──────── Material supplied

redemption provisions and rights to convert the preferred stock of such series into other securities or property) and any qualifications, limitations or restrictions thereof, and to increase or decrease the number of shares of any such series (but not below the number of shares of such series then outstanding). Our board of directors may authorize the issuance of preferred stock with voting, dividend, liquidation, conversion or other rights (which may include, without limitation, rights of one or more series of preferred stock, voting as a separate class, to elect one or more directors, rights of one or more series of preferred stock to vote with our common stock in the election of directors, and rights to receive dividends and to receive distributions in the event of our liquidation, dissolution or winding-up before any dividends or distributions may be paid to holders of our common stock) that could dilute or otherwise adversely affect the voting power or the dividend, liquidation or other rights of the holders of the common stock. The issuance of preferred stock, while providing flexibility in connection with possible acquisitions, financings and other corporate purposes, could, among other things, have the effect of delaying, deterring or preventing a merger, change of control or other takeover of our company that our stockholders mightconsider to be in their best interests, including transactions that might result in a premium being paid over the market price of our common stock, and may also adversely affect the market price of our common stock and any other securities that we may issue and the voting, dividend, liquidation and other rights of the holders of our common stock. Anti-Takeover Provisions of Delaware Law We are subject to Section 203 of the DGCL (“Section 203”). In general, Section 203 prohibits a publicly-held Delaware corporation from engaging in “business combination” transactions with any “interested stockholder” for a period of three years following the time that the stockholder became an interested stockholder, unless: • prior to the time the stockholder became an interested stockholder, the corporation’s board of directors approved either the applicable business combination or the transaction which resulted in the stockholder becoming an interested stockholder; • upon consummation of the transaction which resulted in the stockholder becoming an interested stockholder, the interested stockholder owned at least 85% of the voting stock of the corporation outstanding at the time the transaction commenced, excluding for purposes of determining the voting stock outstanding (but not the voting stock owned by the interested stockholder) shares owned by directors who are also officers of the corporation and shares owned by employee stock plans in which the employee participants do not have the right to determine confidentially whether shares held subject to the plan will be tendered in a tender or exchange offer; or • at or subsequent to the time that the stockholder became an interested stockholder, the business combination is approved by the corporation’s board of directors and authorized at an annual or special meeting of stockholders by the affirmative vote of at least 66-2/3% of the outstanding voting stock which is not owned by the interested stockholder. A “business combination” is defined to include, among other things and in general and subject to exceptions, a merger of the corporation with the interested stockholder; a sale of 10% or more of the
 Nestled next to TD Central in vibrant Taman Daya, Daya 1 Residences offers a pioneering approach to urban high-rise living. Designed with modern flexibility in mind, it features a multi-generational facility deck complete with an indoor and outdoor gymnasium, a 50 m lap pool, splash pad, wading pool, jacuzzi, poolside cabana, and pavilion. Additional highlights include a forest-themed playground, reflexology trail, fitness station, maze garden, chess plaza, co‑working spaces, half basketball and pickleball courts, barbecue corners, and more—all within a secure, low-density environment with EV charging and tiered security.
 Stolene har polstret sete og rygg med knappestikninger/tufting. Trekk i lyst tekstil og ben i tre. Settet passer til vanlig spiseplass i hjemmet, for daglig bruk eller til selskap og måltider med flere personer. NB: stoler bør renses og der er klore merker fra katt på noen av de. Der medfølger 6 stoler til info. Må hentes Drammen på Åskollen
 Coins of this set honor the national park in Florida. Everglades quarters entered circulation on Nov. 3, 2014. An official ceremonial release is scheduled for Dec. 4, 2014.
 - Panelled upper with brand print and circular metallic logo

────────────────
──────── Material supplied

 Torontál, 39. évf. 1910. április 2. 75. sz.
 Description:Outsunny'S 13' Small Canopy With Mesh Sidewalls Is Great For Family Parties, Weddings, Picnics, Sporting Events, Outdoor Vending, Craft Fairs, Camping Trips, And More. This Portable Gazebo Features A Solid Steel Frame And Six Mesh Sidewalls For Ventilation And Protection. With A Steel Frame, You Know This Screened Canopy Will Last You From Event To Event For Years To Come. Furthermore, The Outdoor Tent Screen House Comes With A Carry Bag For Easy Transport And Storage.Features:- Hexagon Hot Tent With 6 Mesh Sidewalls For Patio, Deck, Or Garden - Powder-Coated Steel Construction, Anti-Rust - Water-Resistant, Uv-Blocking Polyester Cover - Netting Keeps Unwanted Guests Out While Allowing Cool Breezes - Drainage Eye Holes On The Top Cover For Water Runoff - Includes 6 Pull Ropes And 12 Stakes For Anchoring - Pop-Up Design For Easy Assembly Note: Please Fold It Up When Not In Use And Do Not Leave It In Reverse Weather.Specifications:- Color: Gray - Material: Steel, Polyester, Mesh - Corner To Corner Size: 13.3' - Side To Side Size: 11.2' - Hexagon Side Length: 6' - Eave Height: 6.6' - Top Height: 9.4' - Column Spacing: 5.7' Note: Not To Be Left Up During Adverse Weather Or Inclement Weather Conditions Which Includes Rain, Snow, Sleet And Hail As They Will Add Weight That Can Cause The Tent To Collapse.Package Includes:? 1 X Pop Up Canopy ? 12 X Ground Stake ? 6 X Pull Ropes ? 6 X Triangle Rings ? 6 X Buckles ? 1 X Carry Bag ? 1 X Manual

────────────────

▸ Exercise requirements: Only one part of the material above is to be transcribed, namely the lines starting with the line that has "Torontál, 39. évf. 1910. április 2. 75. sz." and going on through the line that has "Description:Outsunny'S 13' Small", exactly as they stand.

▸ Answer box:
 Torontál, 39. évf. 1910. április 2. 75. sz.
 Description:Outsunny'S 13' Small Canopy With Mesh Sidewalls Is Great For Family Parties, Weddings, Picnics, Sporting Events, Outdoor Vending, Craft Fairs, Camping Trips, And More. This Portable Gazebo Features A Solid Steel Frame And Six Mesh Sidewalls For Ventilation And Protection. With A Steel Frame, You Know This Screened Canopy Will Last You From Event To Event For Years To Come. Furthermore, The Outdoor Tent Screen House Comes With A Carry Bag For Easy Transport And Storage.Features:- Hexagon Hot Tent With 6 Mesh Sidewalls For Patio, Deck, Or Garden - Powder-Coated Steel Construction, Anti-Rust - Water-Resistant, Uv-Blocking Polyester Cover - Netting Keeps Unwanted Guests Out While Allowing Cool Breezes - Drainage Eye Holes On The Top Cover For Water Runoff - Includes 6 Pull Ropes And 12 Stakes For Anchoring - Pop-Up Design For Easy Assembly Note: Please Fold It Up When Not In Use And Do Not Leave It In Reverse Weather.Specifications:- Color: Gray - Material: Steel, Polyester, Mesh - Corner To Corner Size: 13.3' - Side To Side Size: 11.2' - Hexagon Side Length: 6' - Eave Height: 6.6' - Top Height: 9.4' - Column Spacing: 5.7' Note: Not To Be Left Up During Adverse Weather Or Inclement Weather Conditions Which Includes Rain, Snow, Sleet And Hail As They Will Add Weight That Can Cause The Tent To Collapse.Package Includes:? 1 X Pop Up Canopy ? 12 X Ground Stake ? 6 X Pull Ropes ? 6 X Triangle Rings ? 6 X Buckles ? 1 X Carry Bag ? 1 X Manual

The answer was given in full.